В лицо ударяет волна морозного воздуха, и я вглядываюсь в тусклый вечерний сумрак. Внизу в лучах фар на снежном покрывале вырезается тёмная фигура доктора. Приметив моё появление, он выкидывает в сугроб жёлуди, широко машет рукой и воодушевлённо кричит:
– Спускайся!
– Зачем? – осторожно интересуюсь я, чувствуя, как холод опаляет изнутри горло.
– Увидишь! – долетает весёлый крик. – Оденься потеплее!
Земляными червями в голове копошатся догадки: зачем бы ему меня куда-то везти? Что он хочет такого со мной сделать, о чём сразу нельзя сказать? Идти или не идти? А впрочем, вариантов нет. Я оглядываю палату в поисках хоть какого-нибудь оружия: кто знает, чего ждать от доктора. Видимо, точно не я. Я беру с тумбы стальное перо: в конце концов, при правильном использовании, под хорошим углом в яремной вене и канцелярия может сослужить добрую службу. Я натягиваю валенки и дублёнку, от которых чувствую себя астронавтом в скафандре, и опасливо спускаюсь на задний двор.
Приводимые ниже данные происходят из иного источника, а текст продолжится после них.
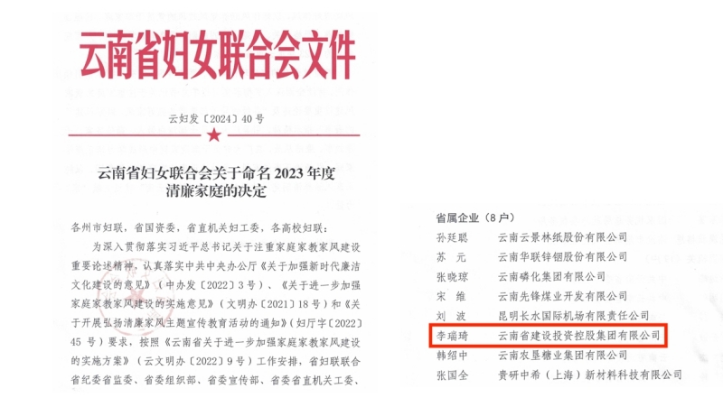 近日,云南省婦女聯(lián)合會(huì)下發(fā)了2023年度云南省“清廉家庭”“書(shū)香家庭”表彰通報(bào),集團(tuán)3戶職工家庭分別獲評(píng)云南省“清廉家庭”“書(shū)香家庭”。其中,云南省城鄉(xiāng)建設(shè)投資有限公司劉春肅家庭、云南建設(shè)基礎(chǔ)設(shè)施投資股份有限公司熊小林家庭獲評(píng)云南省“書(shū)香家庭”;云南省建設(shè)投資控股集團(tuán)有限公司國(guó)際工程部李瑞琦家庭獲評(píng)云南省“清廉家庭”。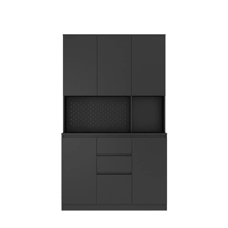 *Multiple door cupboards, a slide-out drawer for storing food or tableware, and an open grey countertop shelf for microwave oven, coffee maker, and more, provides an amazing amount of storage in this compact kitchen buffet server cabinet.

– Поехали скорее! – жестом подзывает доктор из окна автомобиля.
– Куда мы? – осторожно спрашиваю я, забираясь и захлопывая за собой дверь.
– Увидишь.
Он заводит мотор, инерция мягкой лапой толкает меня в грудь, и мы трогаемся к воротам. Машина чуть буксует в нечищеных сугробах, тянутся из-под колёс ленты-колеи, выкрашенные алым светом задних фар. В ночи кажется, что мы плывём по космическому безвоздушному пространству; мир выныривает к нам из черноты в свет и исчезает за спиной. Из-за тьмы и снега чудится, будто небо и земля поменялись местами. Салон не успел прогреться, и спиной даже сквозь толщу одежды я чувствую холодную поверхность дивана. Я притихаю и напряжённо вжимаюсь в дверь, стискивая в кармане древко пера.
Вскоре я понимаю: мы движемся по той же дороге, что вела к побережью. Через частокол прыгающих на нас сосновых стволов проглядывает бескрайняя чернильная дыра водной глади, а по горному склону напротив карабкаются золотистые огоньки города.
– Ты сегодня непривычно много молчишь, – подмечает доктор, не отрывая взгляда от дороги. – Я-то уж готовился к допросам… Всё хорошо?
Губы искривляет усмешка, так и хочется спросить: «А сам-то как считаешь?» Но я просто молча киваю.
– Знаешь, я тут всё думал над твоей просьбой… – продолжает он. – Я не знаю, правильно ли я тебя понял: тебе ведь хотелось посмотреть на праздник, верно? В общем, кажется, я придумал, как тебе его показать. – Выглядит он ужасно довольным собой.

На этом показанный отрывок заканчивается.